■ YOUR TASK: Using the data that follows, output only the lines from the line with "耳元で優しくエレガントに揺れ" up to and including the line with "Myydään kuvien mukainen", exactly, leaving pictures aside.

■ MATERIAL FOR THIS TASK:

━━━━━━━━━━━━━━━━

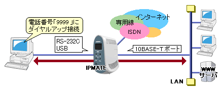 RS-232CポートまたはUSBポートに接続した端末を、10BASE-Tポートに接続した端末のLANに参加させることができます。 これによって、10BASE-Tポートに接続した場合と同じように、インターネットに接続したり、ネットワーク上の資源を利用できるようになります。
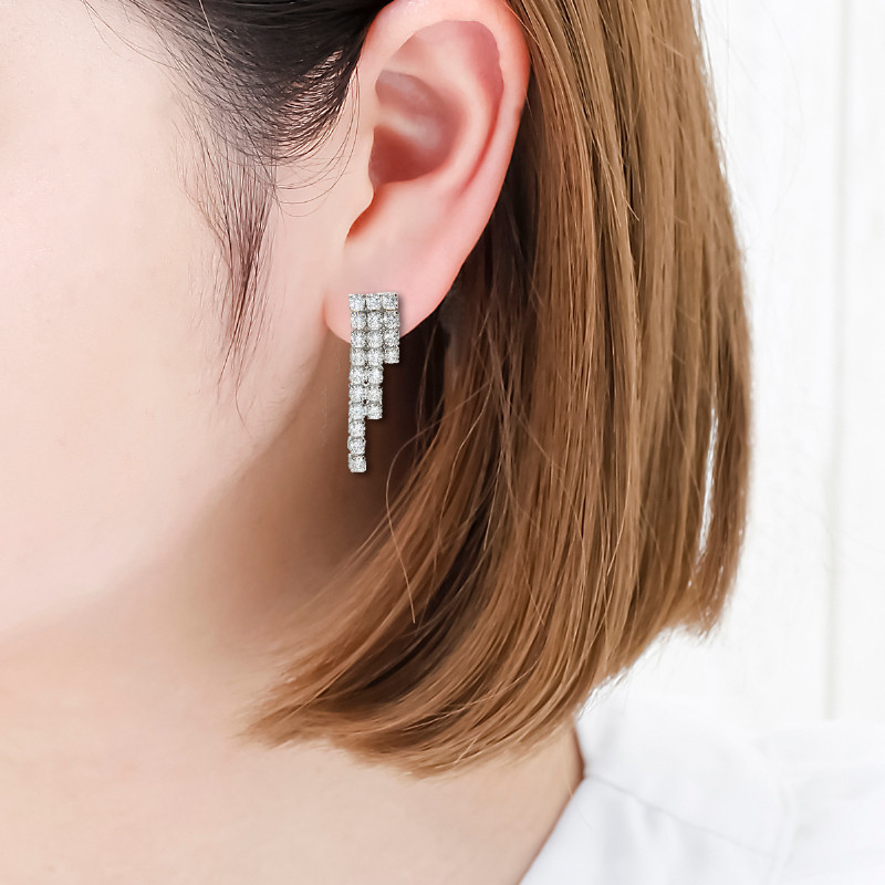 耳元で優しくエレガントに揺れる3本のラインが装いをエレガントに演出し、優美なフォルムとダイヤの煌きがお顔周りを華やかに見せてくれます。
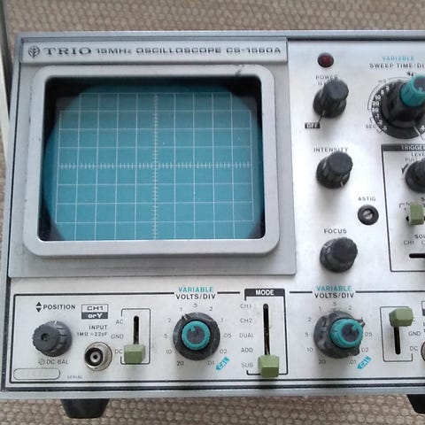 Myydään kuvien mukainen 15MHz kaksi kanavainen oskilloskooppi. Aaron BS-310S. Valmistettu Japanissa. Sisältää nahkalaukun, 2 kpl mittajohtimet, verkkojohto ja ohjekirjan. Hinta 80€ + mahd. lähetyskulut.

━━━━━━━━━━━━━━━━

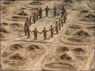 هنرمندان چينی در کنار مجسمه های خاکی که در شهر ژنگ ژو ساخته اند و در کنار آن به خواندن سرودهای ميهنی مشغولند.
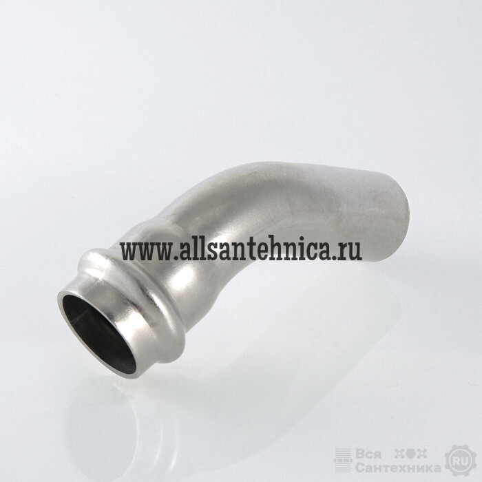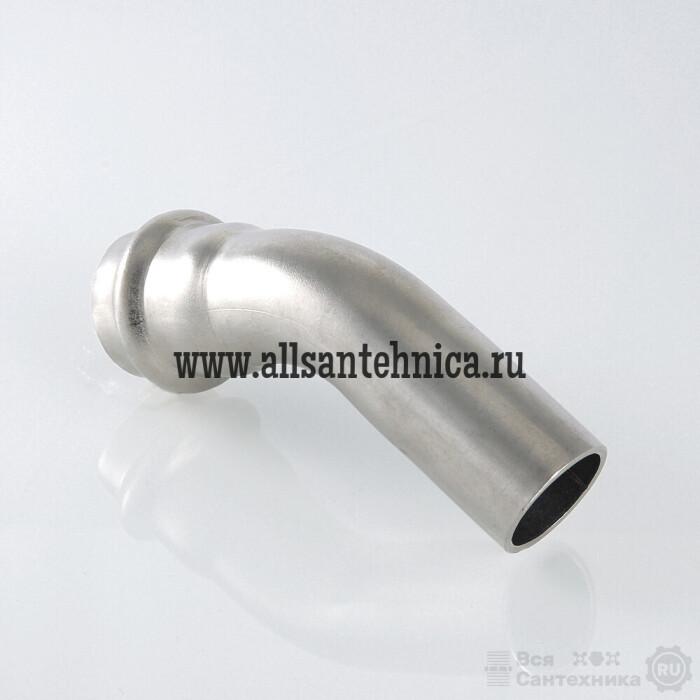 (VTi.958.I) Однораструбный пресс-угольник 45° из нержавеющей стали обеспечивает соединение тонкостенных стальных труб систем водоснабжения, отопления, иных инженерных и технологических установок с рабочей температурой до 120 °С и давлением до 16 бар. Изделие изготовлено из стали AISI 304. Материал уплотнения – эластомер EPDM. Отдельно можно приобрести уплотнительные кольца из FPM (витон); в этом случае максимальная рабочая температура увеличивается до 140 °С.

━━━━━━━━━━━━━━━━

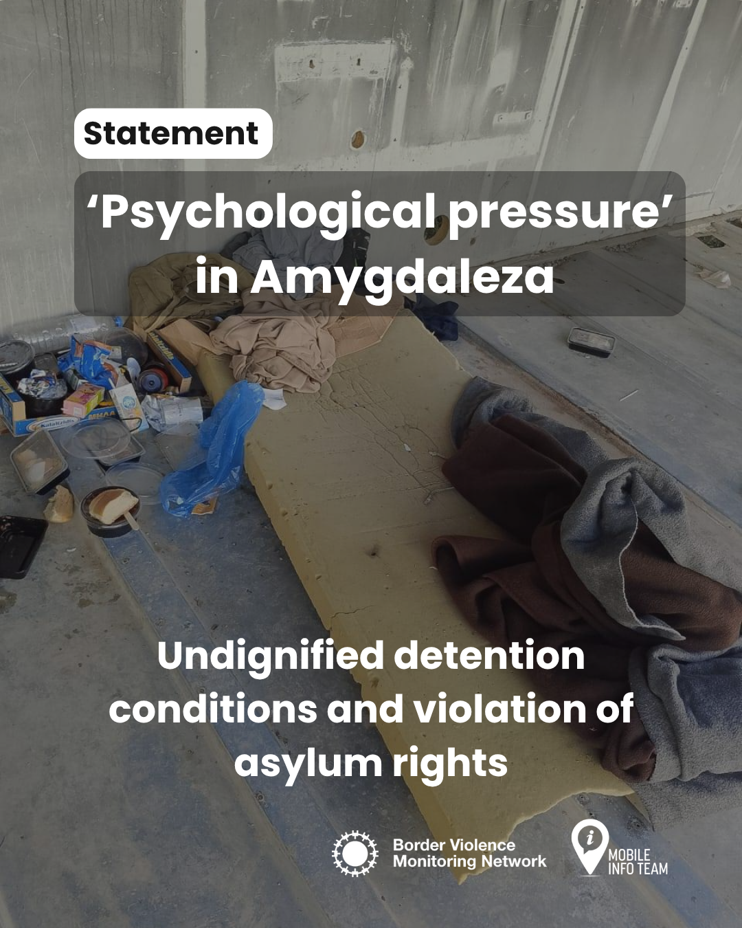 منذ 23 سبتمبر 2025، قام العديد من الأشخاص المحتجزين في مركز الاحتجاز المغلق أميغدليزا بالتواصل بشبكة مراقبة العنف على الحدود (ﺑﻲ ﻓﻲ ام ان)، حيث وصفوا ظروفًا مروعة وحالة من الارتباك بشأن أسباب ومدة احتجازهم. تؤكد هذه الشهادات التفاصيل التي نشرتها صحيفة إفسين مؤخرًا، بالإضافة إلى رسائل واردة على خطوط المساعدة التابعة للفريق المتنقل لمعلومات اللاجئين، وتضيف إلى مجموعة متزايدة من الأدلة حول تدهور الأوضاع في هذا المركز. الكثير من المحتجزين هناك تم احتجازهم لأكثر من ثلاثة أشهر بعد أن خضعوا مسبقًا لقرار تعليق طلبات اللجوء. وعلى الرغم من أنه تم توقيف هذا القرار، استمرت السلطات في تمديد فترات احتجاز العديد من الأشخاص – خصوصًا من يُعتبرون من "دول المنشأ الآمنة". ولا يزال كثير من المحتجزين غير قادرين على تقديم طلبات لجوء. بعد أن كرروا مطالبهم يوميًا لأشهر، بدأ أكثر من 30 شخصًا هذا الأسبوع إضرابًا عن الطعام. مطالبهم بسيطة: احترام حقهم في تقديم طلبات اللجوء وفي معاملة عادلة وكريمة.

━━━━━━━━━━━━━━━━

■ ANSWER BELOW:
 耳元で優しくエレガントに揺れる3本のラインが装いをエレガントに演出し、優美なフォルムとダイヤの煌きがお顔周りを華やかに見せてくれます。
 Myydään kuvien mukainen 15MHz kaksi kanavainen oskilloskooppi. Aaron BS-310S. Valmistettu Japanissa. Sisältää nahkalaukun, 2 kpl mittajohtimet, verkkojohto ja ohjekirjan. Hinta 80€ + mahd. lähetyskulut.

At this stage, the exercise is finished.